The pericardium is a thin, two-layered, fluid-filled sac that covers the outer surface of the heart. It provides lubrication for the heart, shields the heart from infection and malignancy, and contains the heart in the chest wall. It also keeps the heart from over-expanding when blood volume increases, which keeps the heart functioning efficiently.
What is pericarditis?
Pericarditis is an inflammation of the pericardium. Pericarditis is usually acute – it develops suddenly and may last up to several months. The condition usually clears up after 3 months, but sometimes attacks can come and go for years. When you have pericarditis, the membrane around your heart is red and swollen, like the skin around a cut that becomes inflamed. Sometimes there is extra fluid in the space between the pericardial layers, which is called pericardial effusion. Pericarditis can affect anyone, but it is most common in men aged 16 to 65.

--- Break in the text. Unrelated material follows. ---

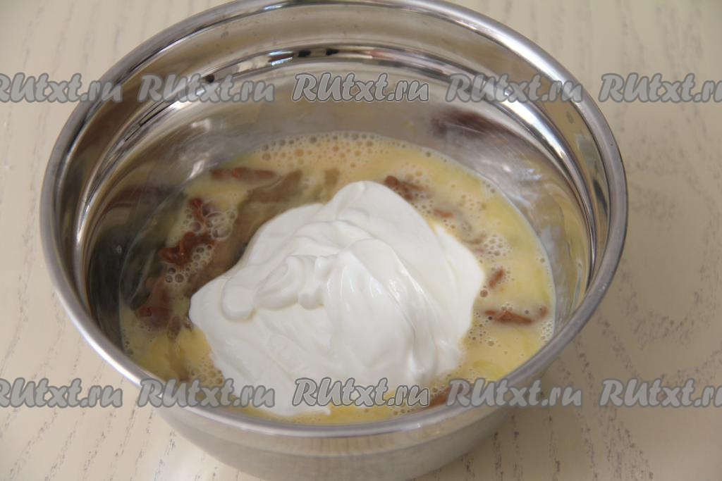 Взбить массу миксером в течение 2-3 минут (до однородности).

What are the symptoms of pericarditis?
Pericarditis can cause chest pain that:
- Is sharp and stabbing (caused by the heart rubbing against the pericardium)
- May get worse when you cough, swallow, take deep breaths or lie flat
- Feels better when you sit up and lean forward
You also may feel the need to bend over or hold your chest to breathe more comfortably.
Other symptoms include:
- Pain in your back, neck or left shoulder Trouble breathing when you lie down
- A dry cough
- Anxiety or fatigue
Pericarditis can cause swelling in your feet, legs and ankles. This swelling may be a symptom of constrictive pericarditis. This is a serious type of pericarditis where the pericardium gets hard and/or thick. When this happens, the heart muscle can’t expand, and it keeps your heart from working like it should. Your heart can become compressed, which causes blood to back up into your lungs, abdomen and legs, and cause swelling. You can also develop an abnormal heart rhythm.

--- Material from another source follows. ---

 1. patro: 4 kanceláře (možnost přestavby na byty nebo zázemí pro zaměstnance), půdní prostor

If you have symptoms of constrictive pericarditis, including shortness of breath, swelling of the legs and feet, water retention, heart palpitations, and severe swelling of the abdomen, call your cardiologist to schedule an evaluation.
Pericardial effusion and cardiac tamponade
When there is a fluid build-up in the space between the pericardium, it can cause a condition called pericardial effusion. If the fluid builds up quickly, it can cause cardiac tamponade. This is a sudden build-up of fluid in between the layers of the pericardium that keeps your heart from working like it should and can cause your blood pressure to drop. Cardiac tamponade is life-threatening and requires immediate drainage of the fluid.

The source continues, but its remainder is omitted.